BRIEF:
Leaving out the pictures, transcribe all of the records faithfully.

Data entries:
- Opening Delimiter -
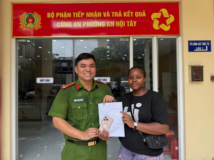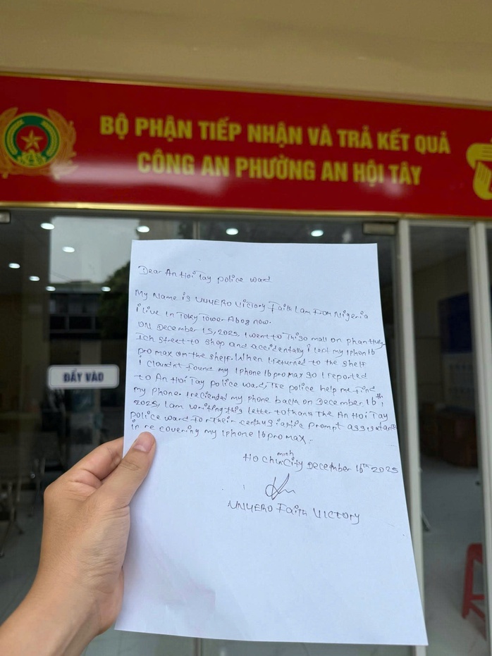 Anh N. sau đó đã trao trả lại điện thoại cho chị Victory Faith Unuero. Để bày tỏ lòng biết ơn, chị Victory Faith Unuero đã viết thư gửi Công an phường An Hội Tây.
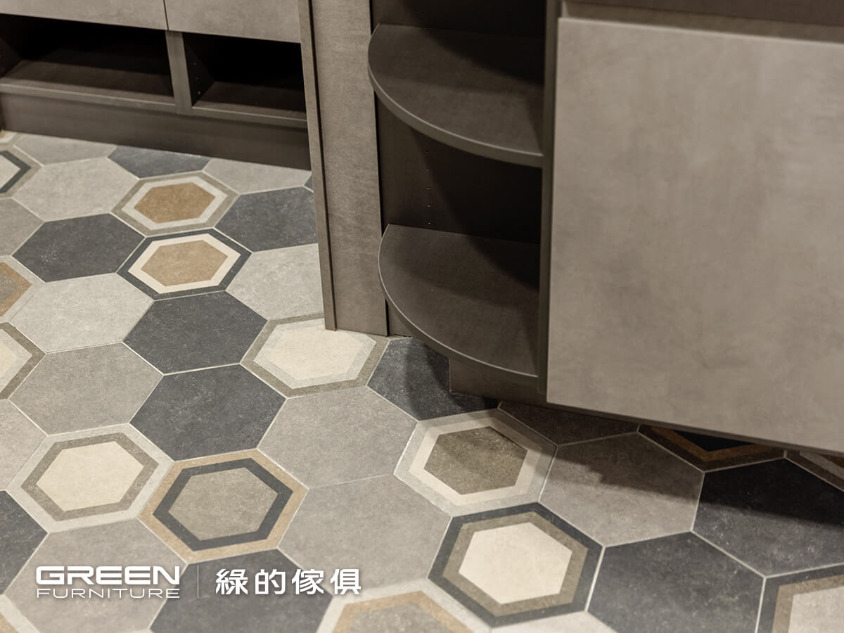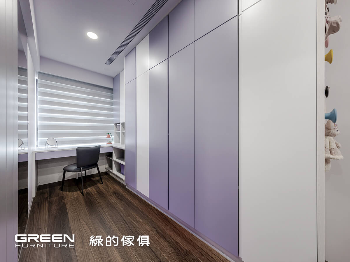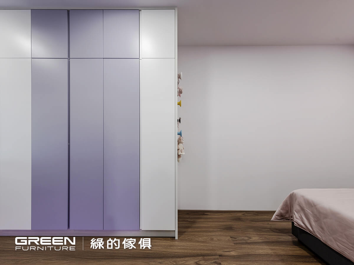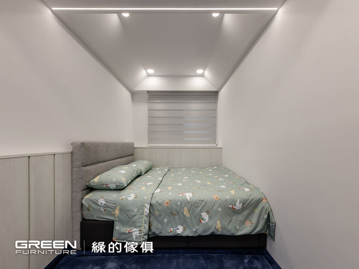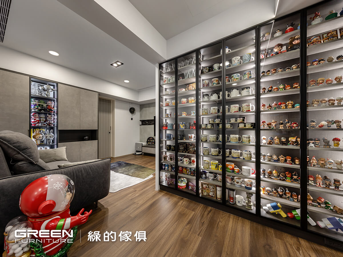 由 綠的傢俱設計團隊 規劃後,整體以灰色系為基調,透過燈光、系統櫃材質與造型線條的運用,讓一家四口的生活更加有序、舒適,也展現現代家庭對居住美感與機能的雙重追求。
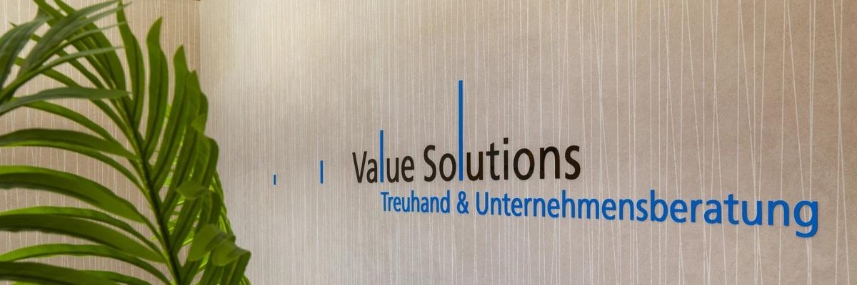 Value Solutions ist eine Treuhandgesellschaft, mittlerer Grösse. Für eine sehr breite Palette von Kunden aus sehr unterschiedlichen Branchen werden die klassischen Treuhanddienstleistungen erbracht, wie Buchführung, Abschlusserstellung, Salär Administration, Steuer- und Unternehmensberatung. Value Solutions betreut überdurchschnittlich viele Start-up Gesellschaften, mit teilweise internationaler Ausrichtung. Unsere Gesellschaft beschäftigt gegenwärtig knapp 30 Mitarbeitende.
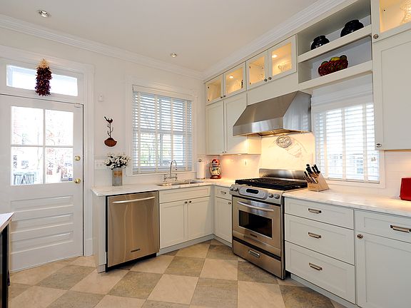 Handsome 4-level attached row house in Mount Pleasant, elegantly renovated by BrookRose Development in 2005. Many amenities, including 2 levels of decks at rear of house and complete in-law suite on lower level.
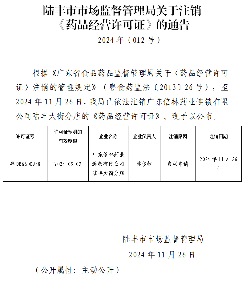 苹果直播 市场监督管理局关于注销《药品经营许可证》的通告
- Closing Delimiter -
ANSWER BOX:
 Anh N. sau đó đã trao trả lại điện thoại cho chị Victory Faith Unuero. Để bày tỏ lòng biết ơn, chị Victory Faith Unuero đã viết thư gửi Công an phường An Hội Tây.
 由 綠的傢俱設計團隊 規劃後,整體以灰色系為基調,透過燈光、系統櫃材質與造型線條的運用,讓一家四口的生活更加有序、舒適,也展現現代家庭對居住美感與機能的雙重追求。
 Value Solutions ist eine Treuhandgesellschaft, mittlerer Grösse. Für eine sehr breite Palette von Kunden aus sehr unterschiedlichen Branchen werden die klassischen Treuhanddienstleistungen erbracht, wie Buchführung, Abschlusserstellung, Salär Administration, Steuer- und Unternehmensberatung. Value Solutions betreut überdurchschnittlich viele Start-up Gesellschaften, mit teilweise internationaler Ausrichtung. Unsere Gesellschaft beschäftigt gegenwärtig knapp 30 Mitarbeitende.
 Handsome 4-level attached row house in Mount Pleasant, elegantly renovated by BrookRose Development in 2005. Many amenities, including 2 levels of decks at rear of house and complete in-law suite on lower level.
 苹果直播 市场监督管理局关于注销《药品经营许可证》的通告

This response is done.